Prop 1 crumbles: Lawmakers start work on ‘Plan B’

Posted at 10:27 PM, May 06, 2015
and last updated 2015-05-06 22:27:33-04

MICHIGAN -- With Proposal 1 hitting a giant pothole Tuesday night, the attention now turns to building an alternative plan.

Prop 1 crumbled at the polls, rejected  by a whopping 4 to 1 margin, the worst loss for a ballot measure since the current state constitution was adopted in the 1960s. The plan, if approved, would have removed the sales tax from motor fuels, increased the motor fuel tax, and replaced the lost sale tax revenue by increasing the state sales tax to 7 percent. That would have raised more than $1.2 billion for roads.

On Wednesday, House Speaker Kevin Cotter, R-Mt. Pleasant, promised an alternative would be ready in days, not weeks.

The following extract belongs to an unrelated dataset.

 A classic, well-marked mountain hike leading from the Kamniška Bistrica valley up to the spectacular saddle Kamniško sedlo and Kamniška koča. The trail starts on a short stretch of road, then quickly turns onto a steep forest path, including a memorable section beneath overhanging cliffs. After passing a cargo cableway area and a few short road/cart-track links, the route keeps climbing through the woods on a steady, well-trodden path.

Cotter said he would like to stick to four foundational pillars as the road conversation continues: fair taxes, using existing dollars, better prioritizing road funding, and ensuring quality work.

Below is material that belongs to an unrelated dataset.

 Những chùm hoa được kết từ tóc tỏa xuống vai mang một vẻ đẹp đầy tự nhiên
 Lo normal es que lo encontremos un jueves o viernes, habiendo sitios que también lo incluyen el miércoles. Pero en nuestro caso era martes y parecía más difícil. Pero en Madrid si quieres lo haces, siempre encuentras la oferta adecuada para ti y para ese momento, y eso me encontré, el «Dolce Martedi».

"I don’t think any member can now tell you that they don’t know where their constituents stand on this, because we’ve been in the districts and having the conversations," Cotter told reporters on Wednesday in Lansing.

"I think we can get this done in short order. Sure, it’ll require some multitasking with the budgets before us, but we’re certainly capable of that.”

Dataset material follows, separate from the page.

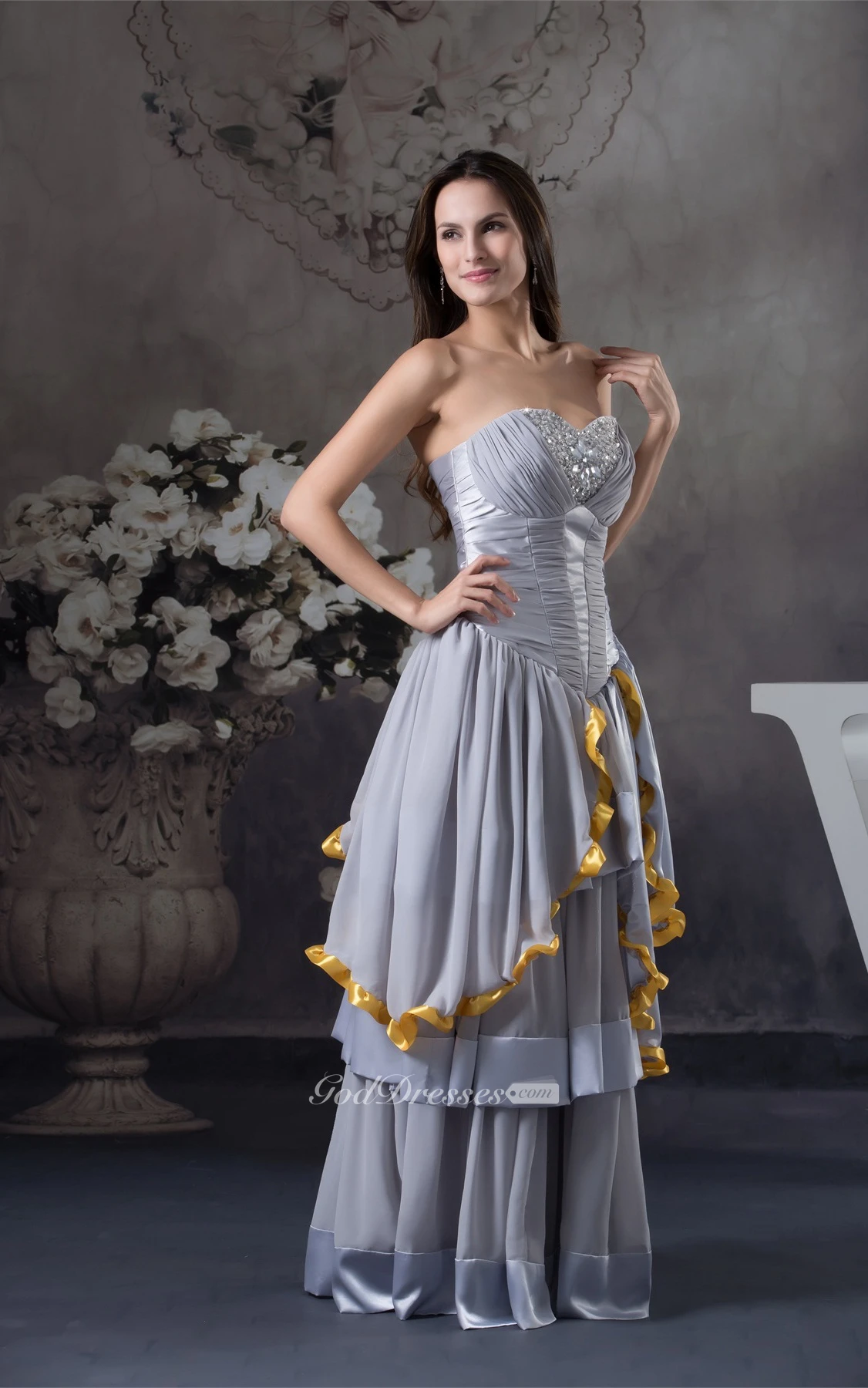 Sweetheart A-Line Ruffled Palatine Skirt and Dress With Beading

A plan from Cotter would also prioritize finding money elsewhere in the budget instead of raising taxes.

Both Democratic and Republican leadership expressed interest in being open to working during the legislative summer break.

“No more Band-Aid solutions," Rep. Tim Greimel, D-Aurburn Hills, said Wednesday. "Future solutions must be long-term and not waste taxpayers resources on gimmicks.”

While any specifics for an alternative plan remain unclear, Gov. Snyder hinted on Wednesday that he'd be more likely to support something similar to the plan introduced in the Senate last year that would have restructured the tax formula on gas. "That had a lot of positive elements, and that’s something we can build off," he told reporters in Holland Wednesday.

"I think there are viable choices out there. It’s just a question of gaining support from all three parts of government.”